In a recent Chapter 7 bankruptcy case, a creditor/plaintiff accused the debtor of obtaining financing under false pretenses, misrepresentation and fraud and asked the bankruptcy court to make the debt nondischargeable. The situation is one that serves as a warning against doing business with no written contract. The creditor/plaintiff in this bankruptcy case alleges that the debtor borrowed money from them and promised to repay the money plus interest. The debtor, Mr. Galvan and the plaintiff, Mr. Dickinson co-borrowed $40,000 from Benchmark Bank in 2002. The plaintiff also alleges that he invested other money into the debtor’s business ventures but received no repayments.
In the complaint to the bankruptcy court, the plaintiff alleges that the debtor borrowed the money under false pretenses and purposely misled them about their ability to repay the loan and how they would use the money. But because there was no written contract between the debtor and the plaintiff, and there was a lack of other evidence pointing to fraud, it was impossible for the plaintiff to really prove any of their accusations.

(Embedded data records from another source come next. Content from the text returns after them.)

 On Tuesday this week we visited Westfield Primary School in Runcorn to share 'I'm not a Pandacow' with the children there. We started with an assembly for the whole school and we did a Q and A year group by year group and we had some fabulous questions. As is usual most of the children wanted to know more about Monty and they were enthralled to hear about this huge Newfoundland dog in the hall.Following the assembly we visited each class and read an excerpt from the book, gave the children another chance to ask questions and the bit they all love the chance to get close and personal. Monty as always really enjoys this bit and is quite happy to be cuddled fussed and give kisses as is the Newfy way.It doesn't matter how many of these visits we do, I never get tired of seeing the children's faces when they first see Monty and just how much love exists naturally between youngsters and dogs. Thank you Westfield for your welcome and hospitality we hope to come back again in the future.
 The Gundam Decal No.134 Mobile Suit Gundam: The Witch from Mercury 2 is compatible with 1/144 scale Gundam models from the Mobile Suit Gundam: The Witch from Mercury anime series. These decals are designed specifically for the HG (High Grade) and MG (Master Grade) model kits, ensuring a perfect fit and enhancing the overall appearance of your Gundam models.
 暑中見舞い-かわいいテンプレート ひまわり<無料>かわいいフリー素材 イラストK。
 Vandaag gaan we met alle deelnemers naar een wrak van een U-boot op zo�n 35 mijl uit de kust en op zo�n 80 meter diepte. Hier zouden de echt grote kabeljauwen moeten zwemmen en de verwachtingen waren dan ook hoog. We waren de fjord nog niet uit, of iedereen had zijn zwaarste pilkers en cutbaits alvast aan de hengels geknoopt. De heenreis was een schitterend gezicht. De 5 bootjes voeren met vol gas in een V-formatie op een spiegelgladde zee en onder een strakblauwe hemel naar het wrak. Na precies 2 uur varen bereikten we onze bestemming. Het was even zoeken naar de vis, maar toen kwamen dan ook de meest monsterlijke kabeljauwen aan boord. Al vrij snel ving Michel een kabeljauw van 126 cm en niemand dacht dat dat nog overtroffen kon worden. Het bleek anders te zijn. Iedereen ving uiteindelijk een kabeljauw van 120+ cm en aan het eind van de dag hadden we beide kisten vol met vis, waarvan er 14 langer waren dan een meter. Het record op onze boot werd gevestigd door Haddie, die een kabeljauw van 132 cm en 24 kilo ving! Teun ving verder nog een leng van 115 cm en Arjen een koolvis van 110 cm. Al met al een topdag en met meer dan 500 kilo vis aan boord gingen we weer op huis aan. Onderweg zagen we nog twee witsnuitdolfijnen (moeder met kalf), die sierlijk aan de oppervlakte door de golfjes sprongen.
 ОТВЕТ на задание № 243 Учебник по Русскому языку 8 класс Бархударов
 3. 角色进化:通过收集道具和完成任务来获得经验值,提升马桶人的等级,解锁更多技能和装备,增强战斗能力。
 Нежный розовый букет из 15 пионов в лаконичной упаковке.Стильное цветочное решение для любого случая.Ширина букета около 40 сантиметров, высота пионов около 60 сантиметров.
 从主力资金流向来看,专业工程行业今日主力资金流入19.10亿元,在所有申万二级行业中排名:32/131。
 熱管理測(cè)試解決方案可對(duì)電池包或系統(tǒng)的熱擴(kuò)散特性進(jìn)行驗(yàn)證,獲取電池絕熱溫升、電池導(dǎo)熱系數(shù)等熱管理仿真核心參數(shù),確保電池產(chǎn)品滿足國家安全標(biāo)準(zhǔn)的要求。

Here’s what the bankruptcy code says about providing proof:
In order for a creditor to receive an exception from discharge under 11 U.S.C. § 523(a)(2)(A) based on false misrepresentation,” a creditor must show that (1) the debtor made a false representation or omission, (2) that the debtor (a) knew was false or made with reckless disregard for the truth and (b) was made with the intent to deceive, (3) upon which the creditor justifiably relied.” Ojeda v. Goldberg, 599 F.3d 712, 716-17 (7th Cir. 2010). In order to receive an exception from discharge under 11 U.S.C. § 523(a)(2)(A) based on actual fraud, “the creditor must establish the following: (1) a fraud occurred; (2) the debtor intended to defraud the creditor; and (3) the fraud created the debt that is the subject of the discharge dispute.”
The bankruptcy court ruled against the plaintiff in this case.